TASK REQUIREMENTS :: In the entries below, which lines run from the one with "Bohem tarzda, kahverengi" through the one with "Heart to HeartBulletin"? Repeat exactly those, both included, and no pictures.

SOURCE INFORMATION ::
>>>>>

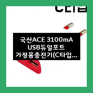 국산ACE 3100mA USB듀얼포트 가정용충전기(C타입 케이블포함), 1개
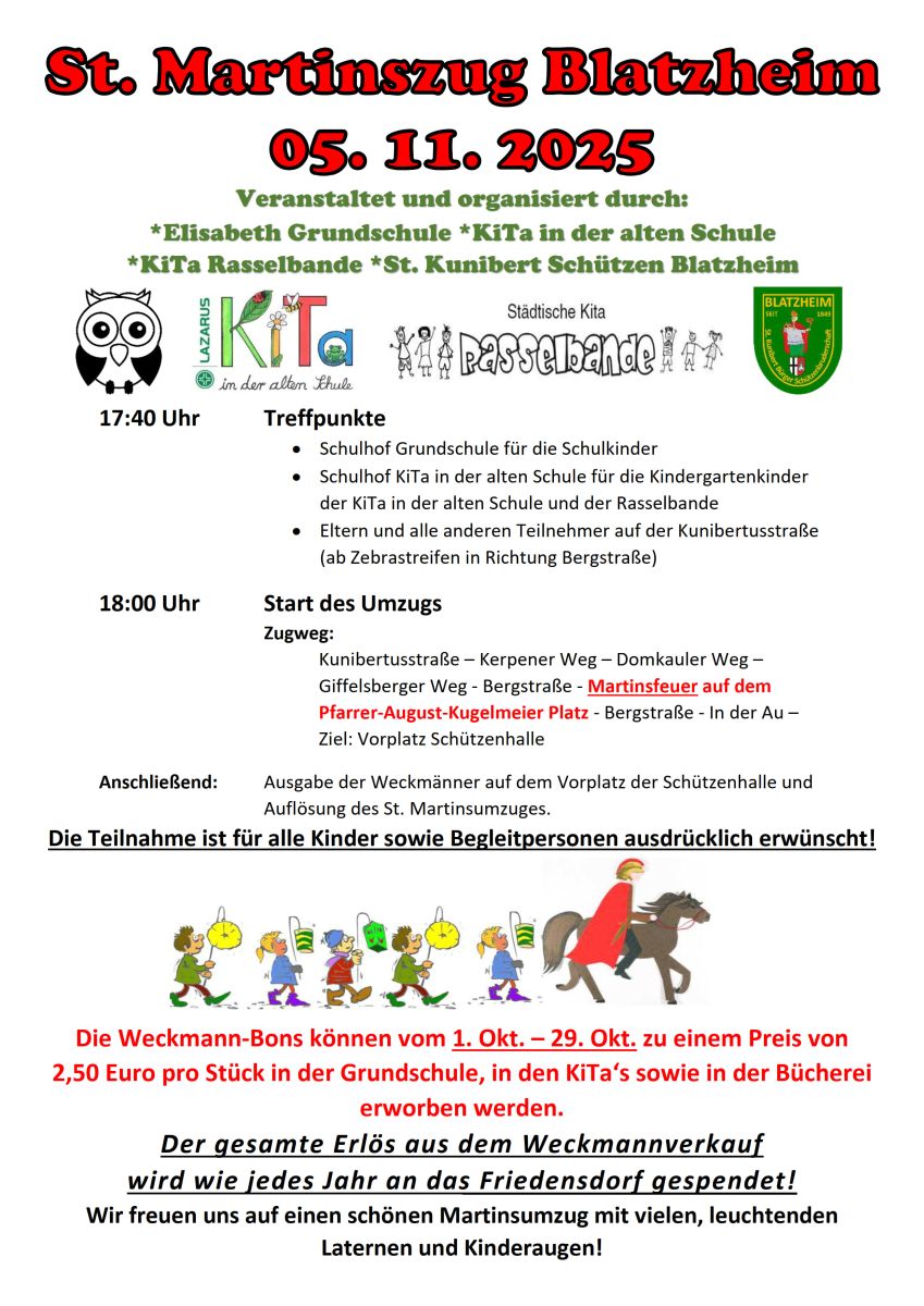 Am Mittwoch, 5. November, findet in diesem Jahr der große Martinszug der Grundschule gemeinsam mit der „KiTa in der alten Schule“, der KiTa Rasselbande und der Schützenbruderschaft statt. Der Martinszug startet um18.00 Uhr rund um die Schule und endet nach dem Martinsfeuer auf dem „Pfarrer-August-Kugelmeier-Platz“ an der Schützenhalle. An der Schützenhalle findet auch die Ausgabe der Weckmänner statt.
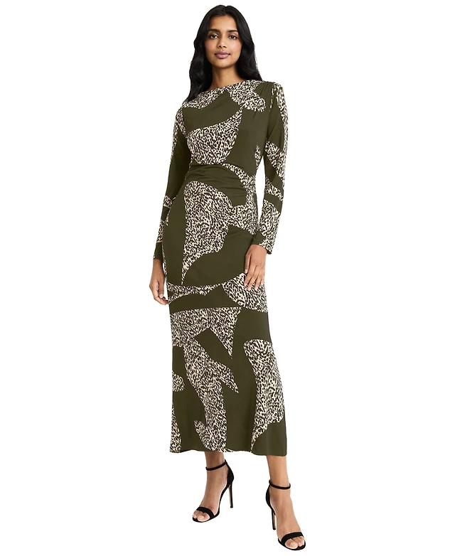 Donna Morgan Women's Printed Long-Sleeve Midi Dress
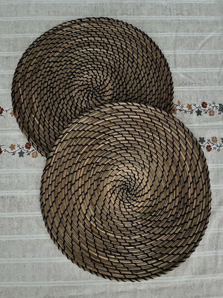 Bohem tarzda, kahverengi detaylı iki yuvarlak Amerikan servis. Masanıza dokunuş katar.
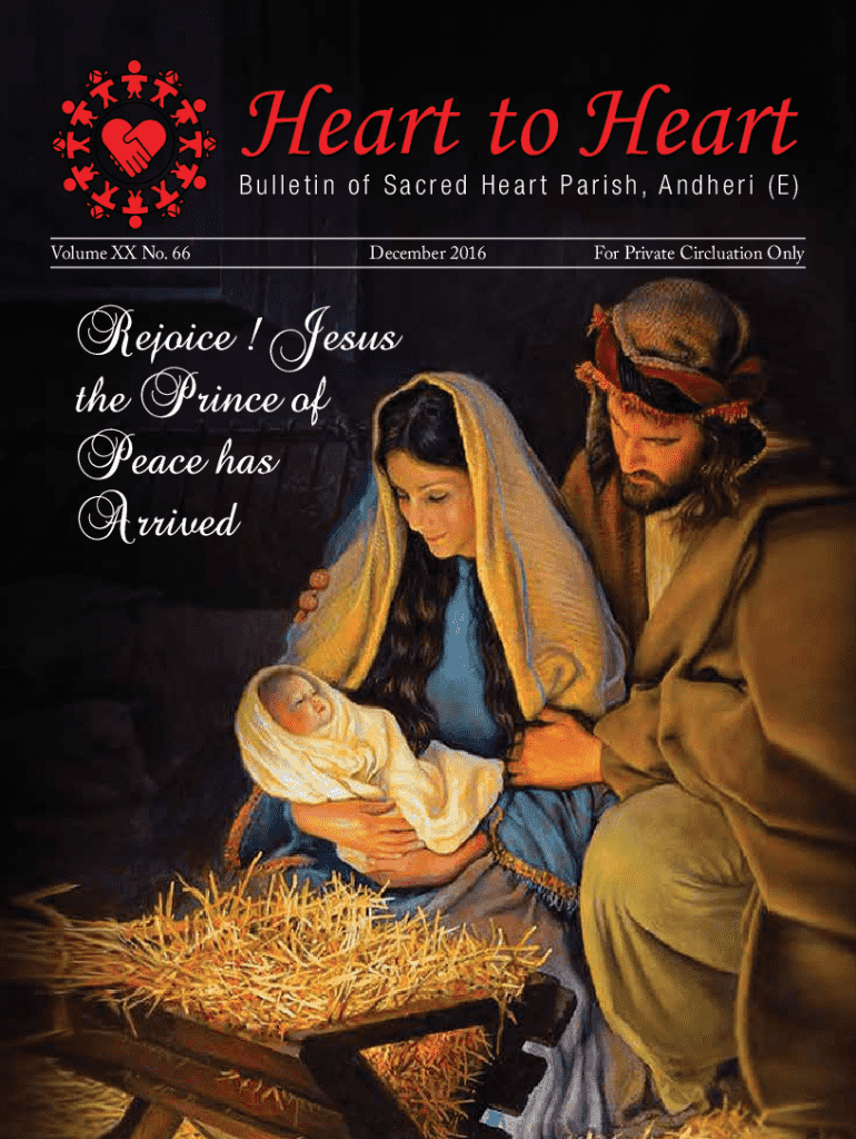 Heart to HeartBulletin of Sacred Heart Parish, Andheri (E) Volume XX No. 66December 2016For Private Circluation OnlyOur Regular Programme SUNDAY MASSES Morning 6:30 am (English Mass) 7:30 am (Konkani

<<<<<
>>>>>

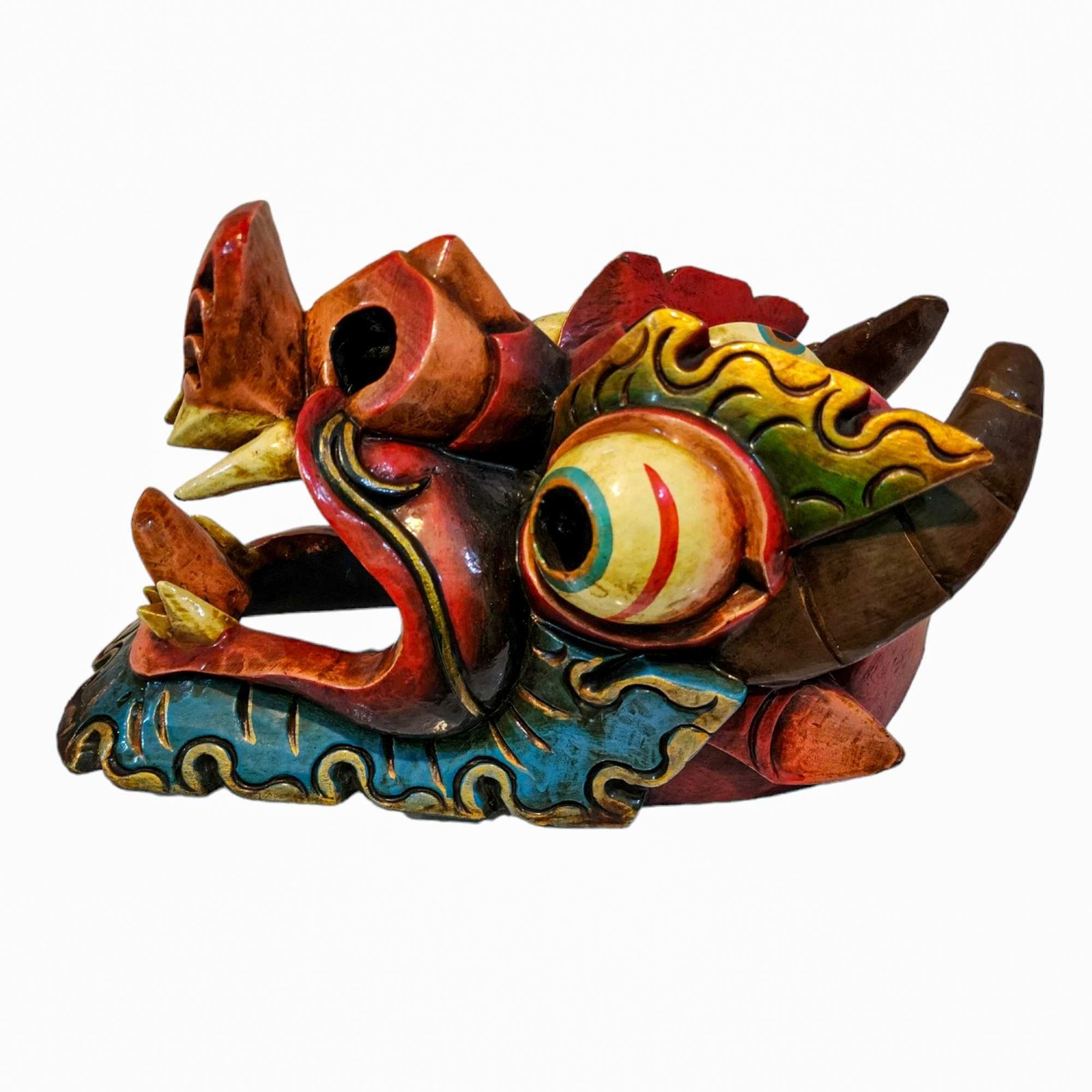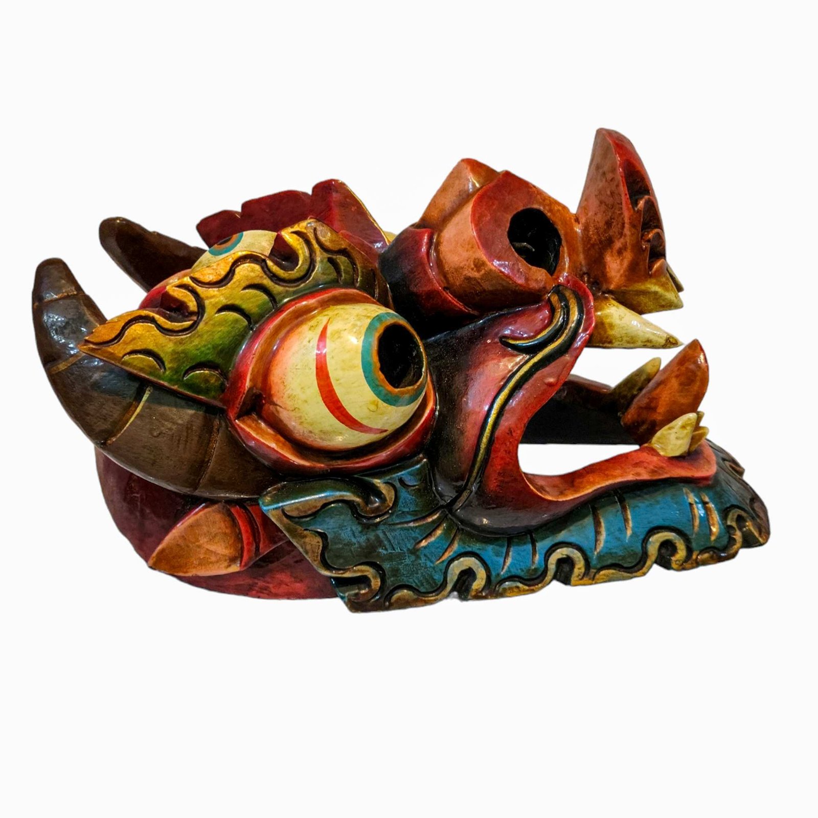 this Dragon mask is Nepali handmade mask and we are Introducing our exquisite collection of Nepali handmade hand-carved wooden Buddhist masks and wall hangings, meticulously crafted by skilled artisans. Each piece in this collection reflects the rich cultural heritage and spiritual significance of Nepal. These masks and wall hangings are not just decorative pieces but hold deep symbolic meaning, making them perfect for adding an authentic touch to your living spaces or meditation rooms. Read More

<<<<<

FINISHED TASK ::
 Bohem tarzda, kahverengi detaylı iki yuvarlak Amerikan servis. Masanıza dokunuş katar.
 Heart to HeartBulletin of Sacred Heart Parish, Andheri (E) Volume XX No. 66December 2016For Private Circluation OnlyOur Regular Programme SUNDAY MASSES Morning 6:30 am (English Mass) 7:30 am (Konkani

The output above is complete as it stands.